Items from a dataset
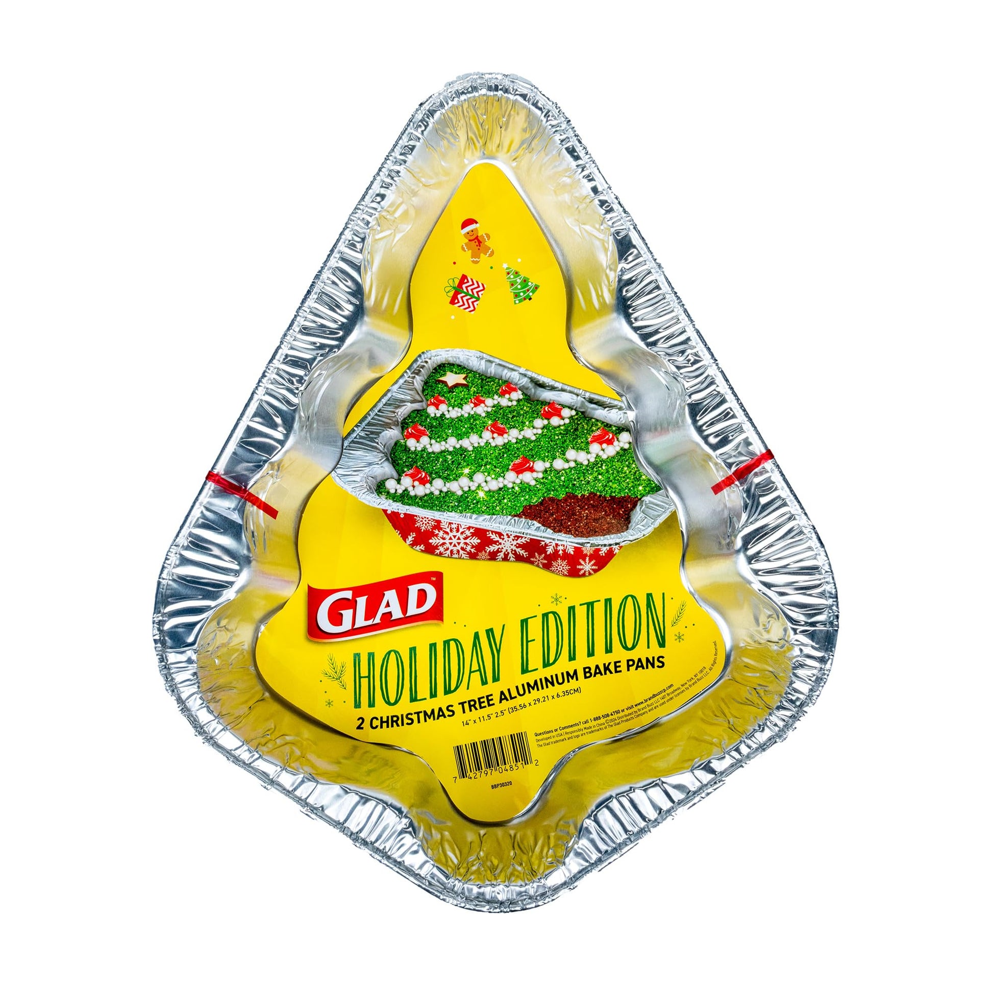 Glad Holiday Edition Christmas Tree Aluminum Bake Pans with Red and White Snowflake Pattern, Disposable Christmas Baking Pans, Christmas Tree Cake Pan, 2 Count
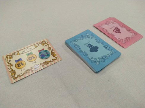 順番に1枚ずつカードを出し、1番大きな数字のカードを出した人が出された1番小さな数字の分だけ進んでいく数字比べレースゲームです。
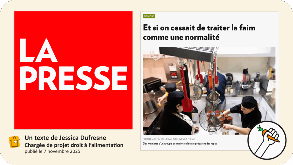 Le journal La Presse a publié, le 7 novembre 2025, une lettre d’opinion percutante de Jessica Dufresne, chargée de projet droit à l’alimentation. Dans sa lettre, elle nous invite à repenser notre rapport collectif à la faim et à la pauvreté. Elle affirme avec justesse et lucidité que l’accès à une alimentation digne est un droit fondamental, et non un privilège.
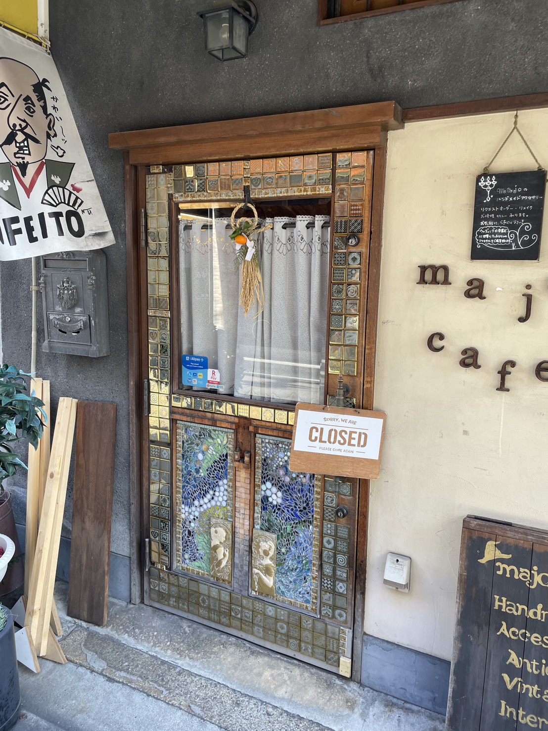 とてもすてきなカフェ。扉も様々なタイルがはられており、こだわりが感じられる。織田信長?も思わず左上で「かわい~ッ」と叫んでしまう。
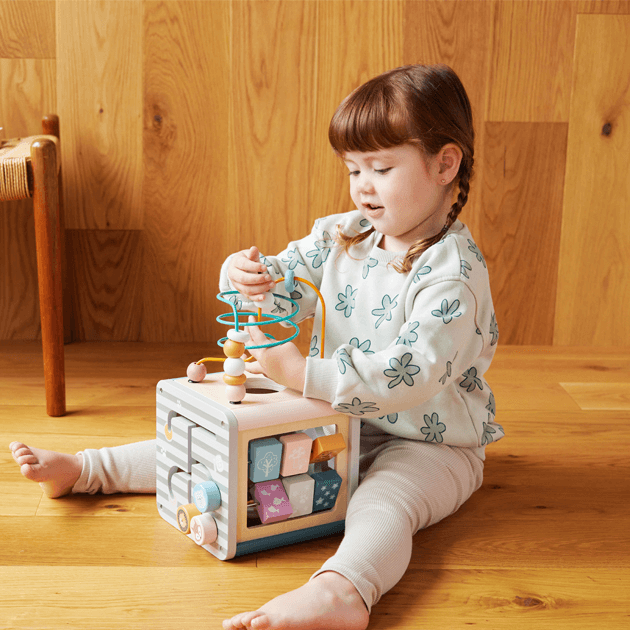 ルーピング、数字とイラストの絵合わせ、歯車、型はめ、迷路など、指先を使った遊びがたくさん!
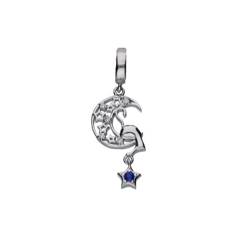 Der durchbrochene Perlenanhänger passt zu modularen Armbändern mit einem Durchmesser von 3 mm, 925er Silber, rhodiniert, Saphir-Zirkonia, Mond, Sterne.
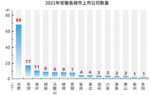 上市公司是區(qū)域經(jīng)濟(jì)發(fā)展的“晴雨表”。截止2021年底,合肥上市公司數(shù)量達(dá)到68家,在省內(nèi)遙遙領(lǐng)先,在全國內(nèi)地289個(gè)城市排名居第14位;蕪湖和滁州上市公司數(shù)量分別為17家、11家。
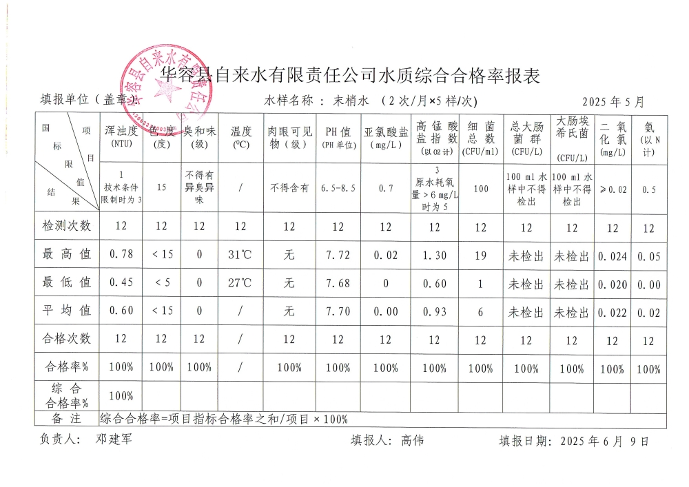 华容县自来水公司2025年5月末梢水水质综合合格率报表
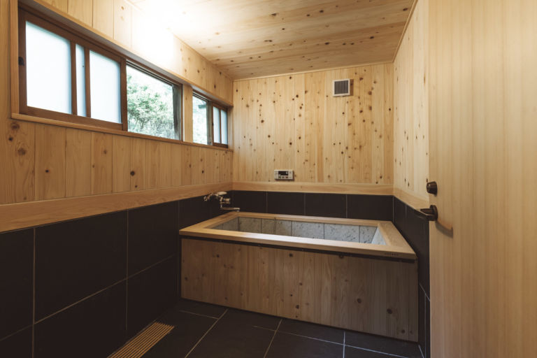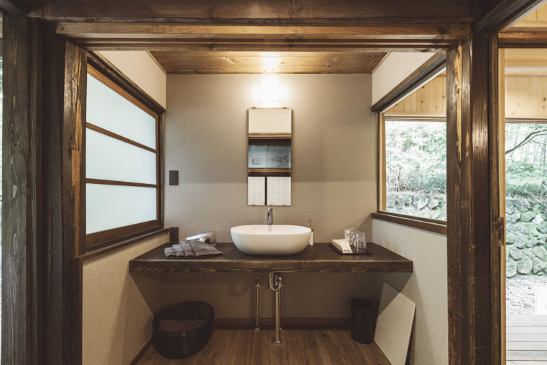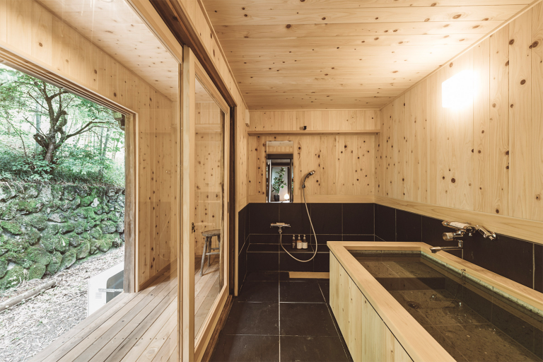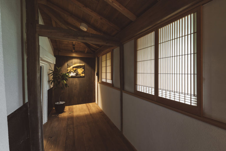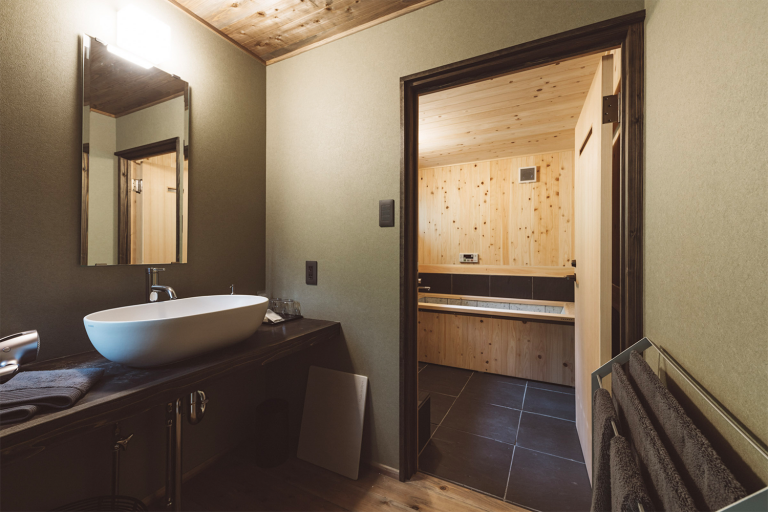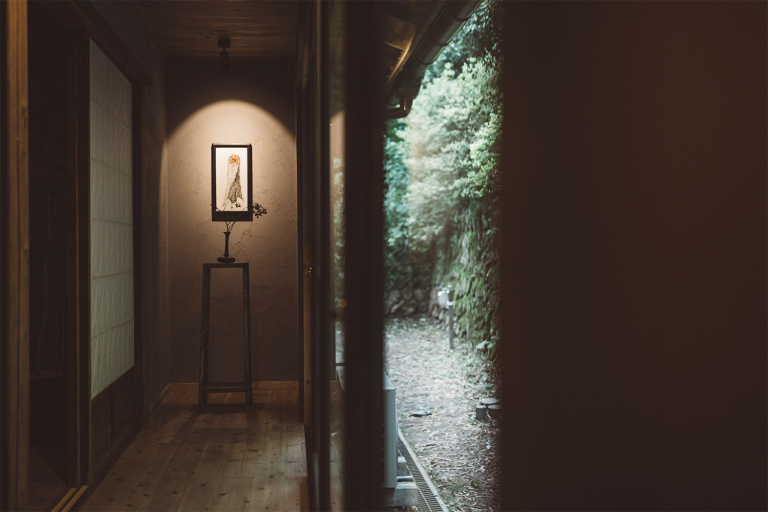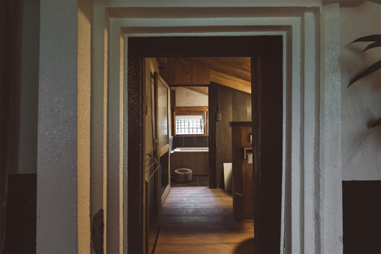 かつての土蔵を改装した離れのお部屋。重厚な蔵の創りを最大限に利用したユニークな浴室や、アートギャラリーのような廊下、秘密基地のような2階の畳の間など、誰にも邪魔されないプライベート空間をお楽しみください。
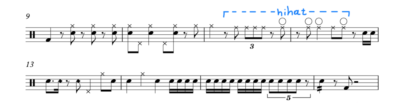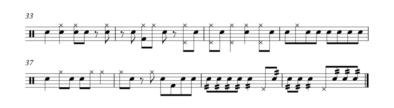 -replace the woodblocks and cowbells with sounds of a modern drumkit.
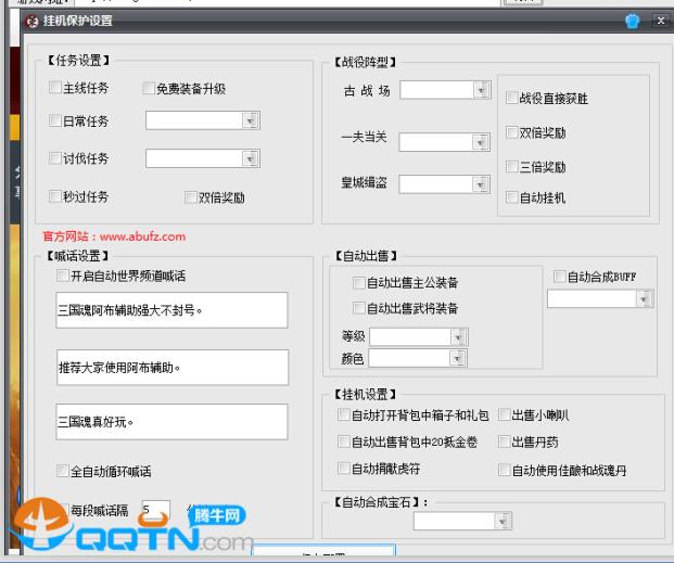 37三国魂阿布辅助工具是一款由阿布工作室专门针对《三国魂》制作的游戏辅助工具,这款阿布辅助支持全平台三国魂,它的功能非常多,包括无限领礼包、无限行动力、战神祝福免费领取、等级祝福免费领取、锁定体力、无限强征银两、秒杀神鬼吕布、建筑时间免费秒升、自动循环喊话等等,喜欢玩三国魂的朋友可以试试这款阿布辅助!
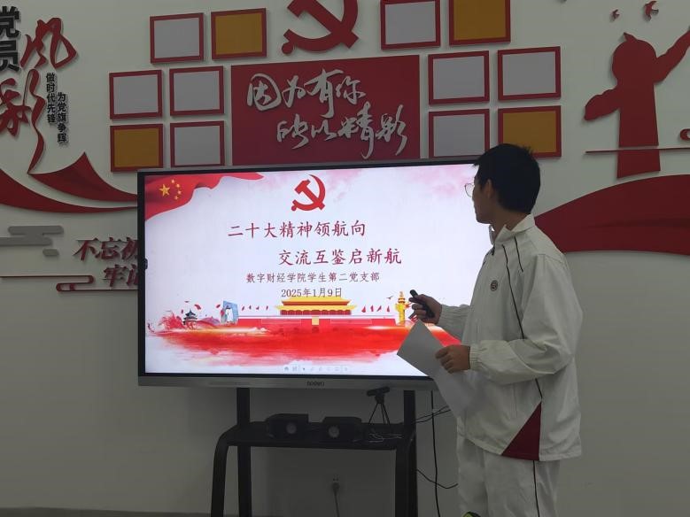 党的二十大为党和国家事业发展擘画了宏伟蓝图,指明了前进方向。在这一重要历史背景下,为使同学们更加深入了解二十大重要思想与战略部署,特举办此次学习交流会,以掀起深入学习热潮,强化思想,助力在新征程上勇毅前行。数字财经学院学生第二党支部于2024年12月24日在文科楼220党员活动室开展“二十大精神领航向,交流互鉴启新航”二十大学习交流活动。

REQUIRED WORK:
Print the records above exactly, minus pictures.

RESPONSE TO THIS TASK:
 Glad Holiday Edition Christmas Tree Aluminum Bake Pans with Red and White Snowflake Pattern, Disposable Christmas Baking Pans, Christmas Tree Cake Pan, 2 Count
 順番に1枚ずつカードを出し、1番大きな数字のカードを出した人が出された1番小さな数字の分だけ進んでいく数字比べレースゲームです。
 Le journal La Presse a publié, le 7 novembre 2025, une lettre d’opinion percutante de Jessica Dufresne, chargée de projet droit à l’alimentation. Dans sa lettre, elle nous invite à repenser notre rapport collectif à la faim et à la pauvreté. Elle affirme avec justesse et lucidité que l’accès à une alimentation digne est un droit fondamental, et non un privilège.
 とてもすてきなカフェ。扉も様々なタイルがはられており、こだわりが感じられる。織田信長?も思わず左上で「かわい~ッ」と叫んでしまう。
 ルーピング、数字とイラストの絵合わせ、歯車、型はめ、迷路など、指先を使った遊びがたくさん!
 Der durchbrochene Perlenanhänger passt zu modularen Armbändern mit einem Durchmesser von 3 mm, 925er Silber, rhodiniert, Saphir-Zirkonia, Mond, Sterne.
 上市公司是區(qū)域經(jīng)濟(jì)發(fā)展的“晴雨表”。截止2021年底,合肥上市公司數(shù)量達(dá)到68家,在省內(nèi)遙遙領(lǐng)先,在全國內(nèi)地289個(gè)城市排名居第14位;蕪湖和滁州上市公司數(shù)量分別為17家、11家。
 华容县自来水公司2025年5月末梢水水质综合合格率报表
 かつての土蔵を改装した離れのお部屋。重厚な蔵の創りを最大限に利用したユニークな浴室や、アートギャラリーのような廊下、秘密基地のような2階の畳の間など、誰にも邪魔されないプライベート空間をお楽しみください。
 -replace the woodblocks and cowbells with sounds of a modern drumkit.
 37三国魂阿布辅助工具是一款由阿布工作室专门针对《三国魂》制作的游戏辅助工具,这款阿布辅助支持全平台三国魂,它的功能非常多,包括无限领礼包、无限行动力、战神祝福免费领取、等级祝福免费领取、锁定体力、无限强征银两、秒杀神鬼吕布、建筑时间免费秒升、自动循环喊话等等,喜欢玩三国魂的朋友可以试试这款阿布辅助!
 党的二十大为党和国家事业发展擘画了宏伟蓝图,指明了前进方向。在这一重要历史背景下,为使同学们更加深入了解二十大重要思想与战略部署,特举办此次学习交流会,以掀起深入学习热潮,强化思想,助力在新征程上勇毅前行。数字财经学院学生第二党支部于2024年12月24日在文科楼220党员活动室开展“二十大精神领航向,交流互鉴启新航”二十大学习交流活动。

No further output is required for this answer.